Future Changes Network-Wide

1. Dynamic Mining

A block reward balancer based on the BIP price dynamics over a specific period. For example, if BIP price shows a 10-percent weekly increase, the block reward distributed among delegators goes up. If, however, the price shows a decrease of +10% over said period, the block reward volume goes down. The actual timeframes for monitoring the price of BIP and extent to which the reward is to be increased or decreased will be calculated in detail later.

2. Burning by Balancer

If the price of BIP goes down, it doesn’t slow down the mining of new coins, meaning the deadline for reaching total supply doesn’t change. In this case, undistributed rewards (down to the base value) will be burned via being sent to the 0th address.

3. Auto-Redelegation

Currently, all delegation rewards are sent to addresses of delegators about once every hour. Auto-redelegation will change things in a way that all rewards will be automatically delegated, increasing the stake. To claim rewards, the user will need to make a regular unbond transaction, specifying the number of coins they need.

4. Burning of Transaction Fees

Portion of each transaction fee will be withheld and burned.

5. Burning of Ticker Fees

When creating a new coin or token, the issuer pays the fee that depends on the length of the ticker—the shorter, the cheaper. Instead of being distributed to validators and their delegators, this fee will now be sent to the 0th address and burned, taking the coins out of free circulation.

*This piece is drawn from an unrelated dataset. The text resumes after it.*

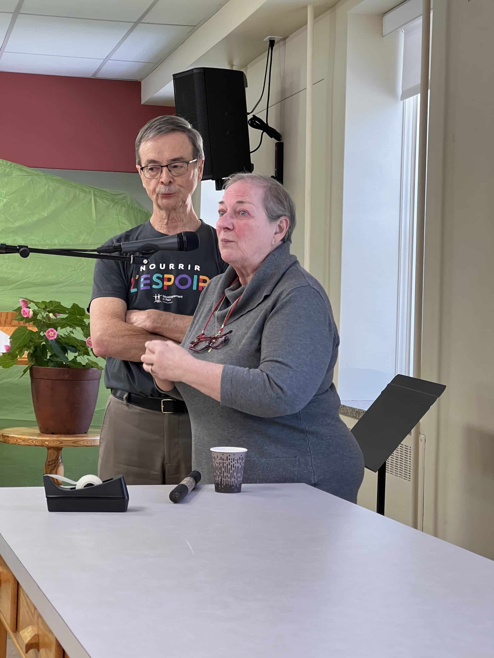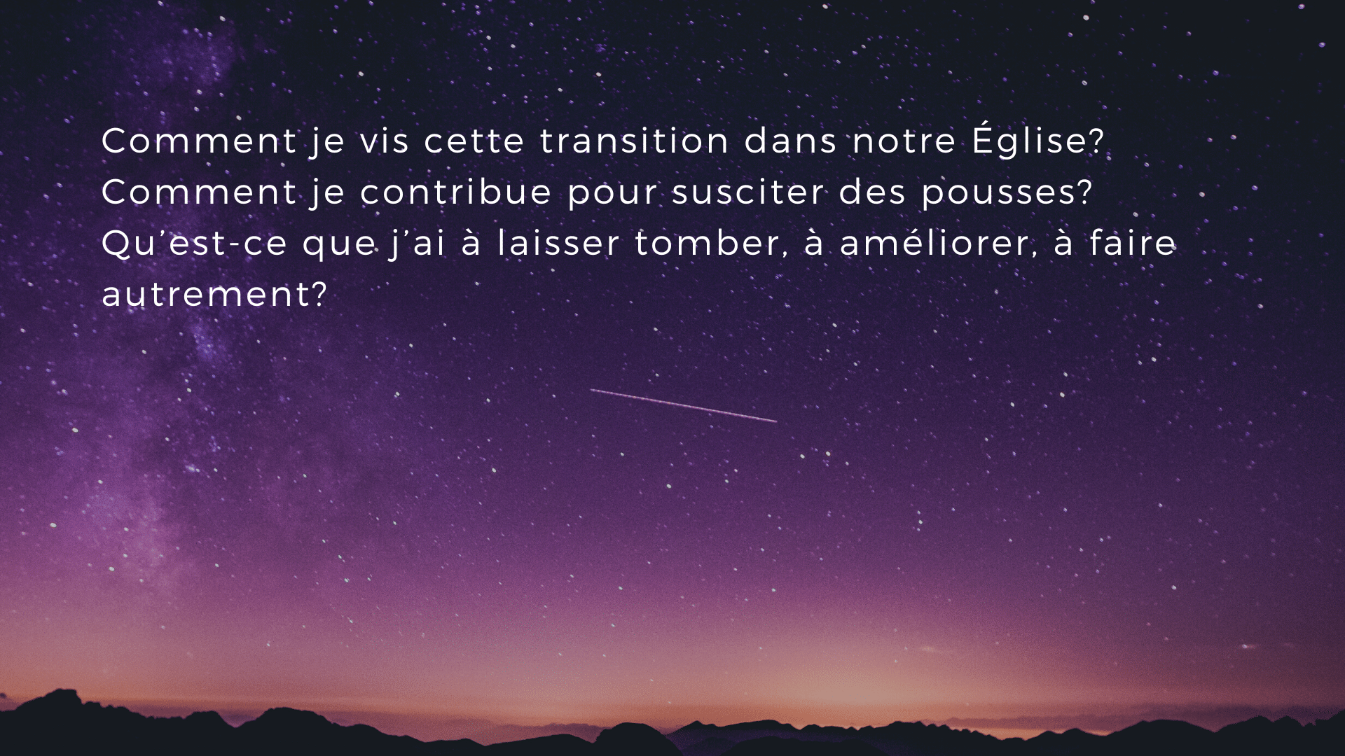 Il était ensuite temps d’entendre le témoignage de Jean-Denis Lampron et Diane Labranche sur leur expérience de transition en entreprise. Comment faire des deuils et laisser la place? Accueil, bienveillance, miséricorde, ouverture. Nous avons des deuils à faire par rapport à la direction. On est là pour nous ou pour la mission? Cela a permis d’introduire un temps de réflexion sur la transition en Église, sur ma contribution aux nouvelles pousses.

6. BIP Buyback and In-Pool Liquidity Lock

When swaps are made within liquidity pools, part of the fee is forever locked into the pool (e.g., by transferring LP tokens to the 0th address) or BIP is bought back and later burned.

  1. BIP buyback and burn
  2. Freezing inside the pool

7. Mechanism of Locking Tokens for Set Duration

This mechanism opens up extra opportunities for DeFi services and Minter-powered projects. The ability to lock BIP, HUB, project tokens, and LP tokens in a decentralized way will help services craft attractive lending, farming, and staking products. In turn, this will extract assets from free circulation and freeze them, and in the case of liquidity pools, guarantee stabler trades. For example, a project/service can establish a liquidity pool and lock LP tokens for a specific duration, ensuring that the pool will be liquid for that time.